# Exercise details
Retype the entries below exactly, and keep every picture out of your version.

Records from a data collection:

*-*-*

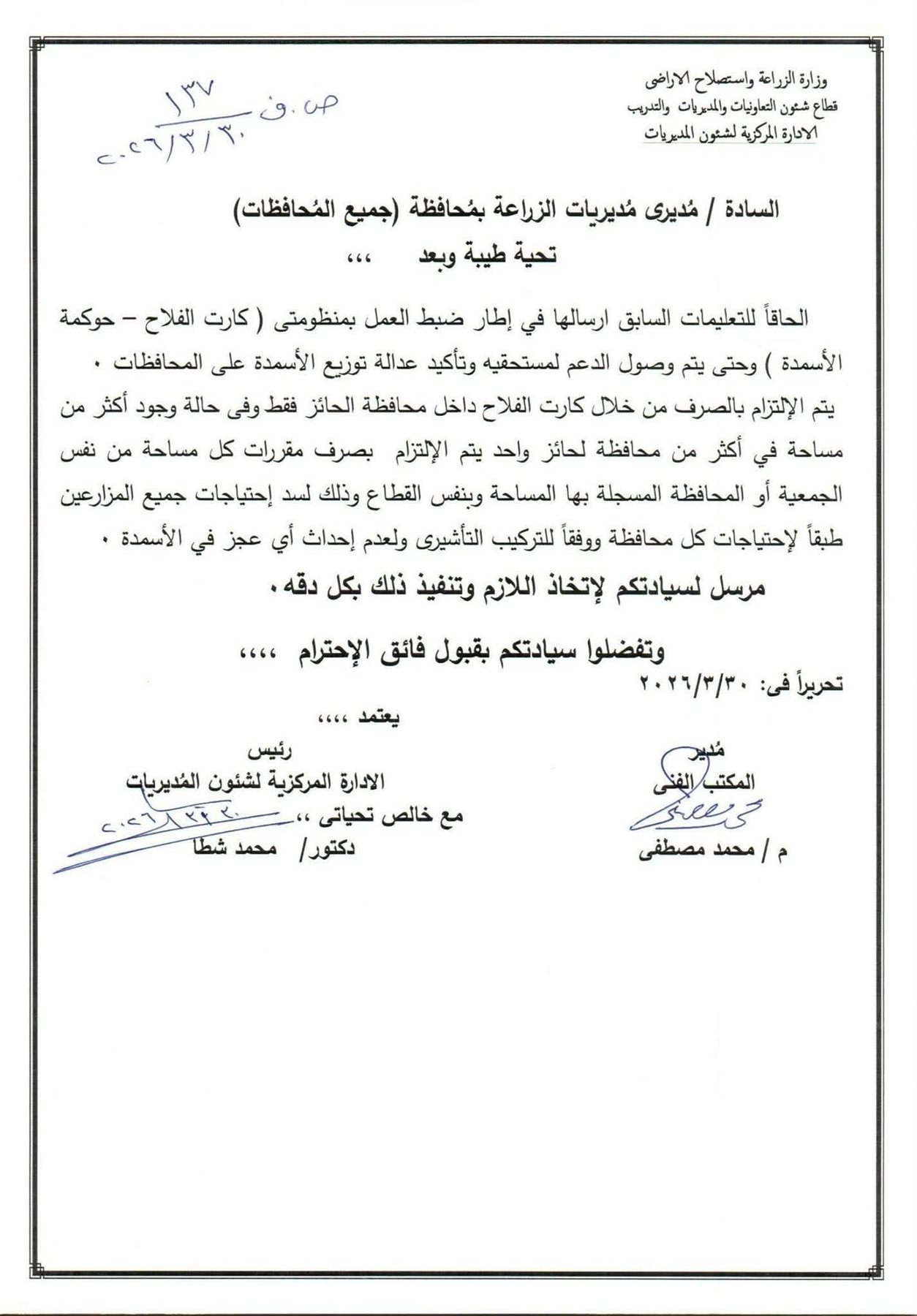 ومن جانبها، أصدرت وزارة الزراعة واستصلاح الأراضي تعليمات مشددة لمديريات الزراعة بكافة محافظات الجمهورية، تهدف إلى إعادة ضبط منظومة توزيع الأسمدة المدعمة وضمان وصول الدعم لمستحقيه الفعليين، وذلك في إطار جهود الدولة لحوكمة المنظومة الزراعية وتفعيل دور كارت الفلاح.
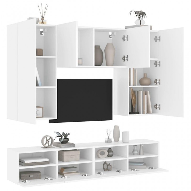 Um zusätzlichen Stauraum in Ihrem Wohnraum zu schaffen und für Ordnung zu sorgen, bieten diese TV-Wohnwände eine perfekte Lösung. Robustes Material: Holz ist ein Werkstoff von außergewöhnlicher Qualität mit glatter Oberfläche, der sich durch seine Festigkeit, Stabilität und Feuchtigkeitsresistenz auszeichnet. Wandmontage: Der TV-Ständer kann an der Wand montiert werden, um zusätzlichen Stauraum zu schaffen. So nutzen Sie Ihre Stellfläche optimal aus und sorgen für Ordnung in Ihrem Zimmer: Das wandmontierte TV-Schrank-Set bietet zahlreiche Ablagemöglichkeiten und viel Platz, um Bücher, DVDs, Zeitschriften, Medien und andere Alltagsgegenstände übersichtlich und ordentlich aufzubewahren. griffbereit aufbewahrt. Vielseitiges Design: Sie können den Schrank als TV-Ständer verwenden oder ihn zur einfachen Aufbewahrung von Utensilien oder anderen Gegenständen an der Wand in Ihrem Büro montieren. Außerdem verwandelt es eine leere Wand sofort in ein Designelement. Gut zu wissen: Schrauben und Dübel für die Innenwand sind nicht im Lieferumfang enthalten. Wir empfehlen Ihnen, Schrauben und Dübel zu finden und zu verwenden, die speziell für Ihre Wände entwickelt wurden. Bei Fragen können Sie sich an einen Fachmann wenden. Bitte lesen und befolgen Sie jeden Schritt der Anleitung.
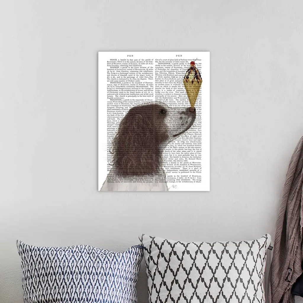 Decorative artwork of a brown and white Springer Spaniel balancing an ice cream cone on its nose, painted on the page of a book.
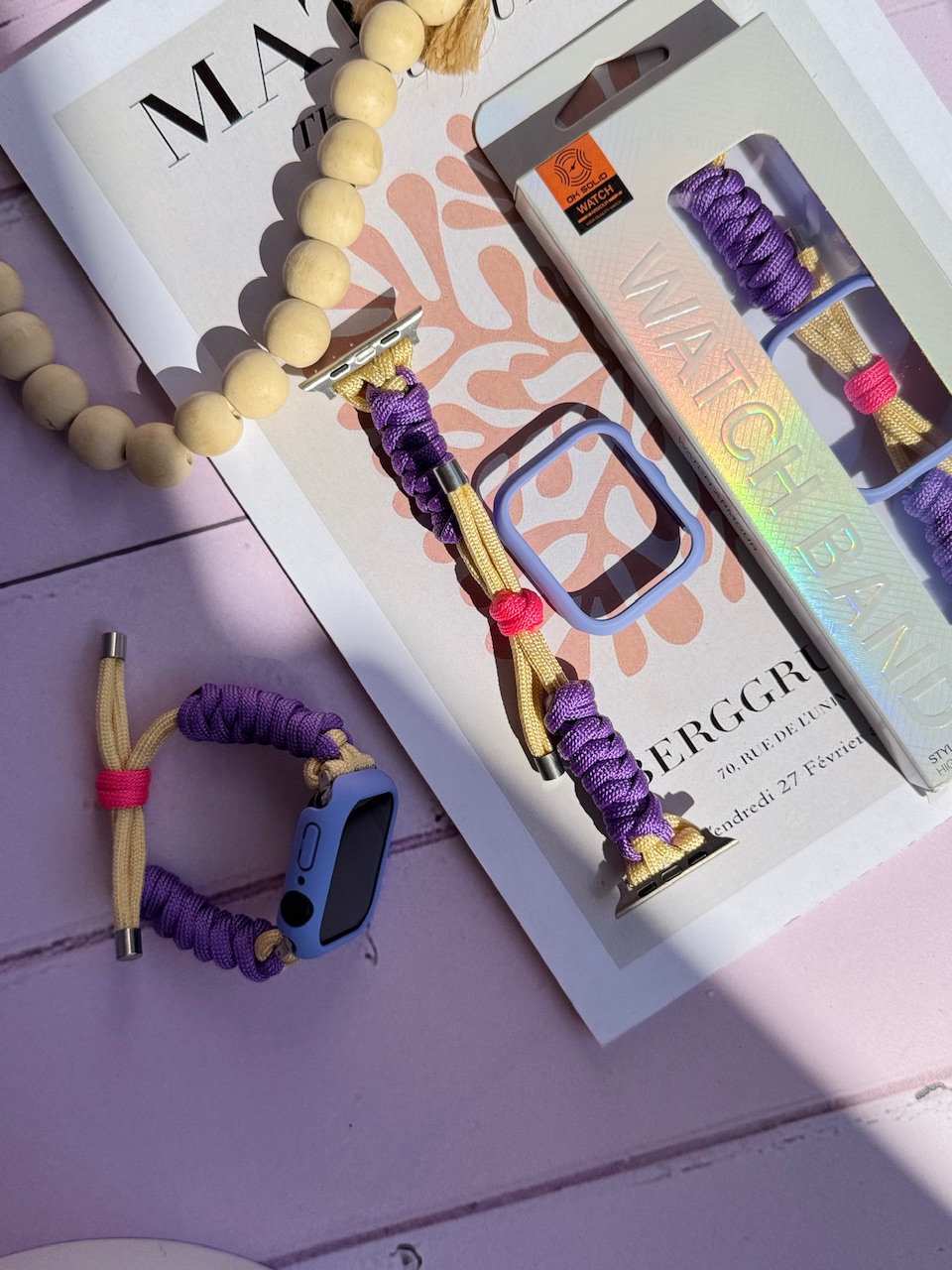 بند اپل واچ بافت بنفش کنفی با گارد سیلیکونی
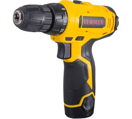 Дрель-шуруповерт EUROLUX ДА-12/2Li способна просверлить отверстие в металле, древесине или пластике, а также закрутить крепеж.

*-*-*

# Result of the exercise
 ومن جانبها، أصدرت وزارة الزراعة واستصلاح الأراضي تعليمات مشددة لمديريات الزراعة بكافة محافظات الجمهورية، تهدف إلى إعادة ضبط منظومة توزيع الأسمدة المدعمة وضمان وصول الدعم لمستحقيه الفعليين، وذلك في إطار جهود الدولة لحوكمة المنظومة الزراعية وتفعيل دور كارت الفلاح.
 Um zusätzlichen Stauraum in Ihrem Wohnraum zu schaffen und für Ordnung zu sorgen, bieten diese TV-Wohnwände eine perfekte Lösung. Robustes Material: Holz ist ein Werkstoff von außergewöhnlicher Qualität mit glatter Oberfläche, der sich durch seine Festigkeit, Stabilität und Feuchtigkeitsresistenz auszeichnet. Wandmontage: Der TV-Ständer kann an der Wand montiert werden, um zusätzlichen Stauraum zu schaffen. So nutzen Sie Ihre Stellfläche optimal aus und sorgen für Ordnung in Ihrem Zimmer: Das wandmontierte TV-Schrank-Set bietet zahlreiche Ablagemöglichkeiten und viel Platz, um Bücher, DVDs, Zeitschriften, Medien und andere Alltagsgegenstände übersichtlich und ordentlich aufzubewahren. griffbereit aufbewahrt. Vielseitiges Design: Sie können den Schrank als TV-Ständer verwenden oder ihn zur einfachen Aufbewahrung von Utensilien oder anderen Gegenständen an der Wand in Ihrem Büro montieren. Außerdem verwandelt es eine leere Wand sofort in ein Designelement. Gut zu wissen: Schrauben und Dübel für die Innenwand sind nicht im Lieferumfang enthalten. Wir empfehlen Ihnen, Schrauben und Dübel zu finden und zu verwenden, die speziell für Ihre Wände entwickelt wurden. Bei Fragen können Sie sich an einen Fachmann wenden. Bitte lesen und befolgen Sie jeden Schritt der Anleitung.
 Decorative artwork of a brown and white Springer Spaniel balancing an ice cream cone on its nose, painted on the page of a book.
 بند اپل واچ بافت بنفش کنفی با گارد سیلیکونی
 Дрель-шуруповерт EUROLUX ДА-12/2Li способна просверлить отверстие в металле, древесине или пластике, а также закрутить крепеж.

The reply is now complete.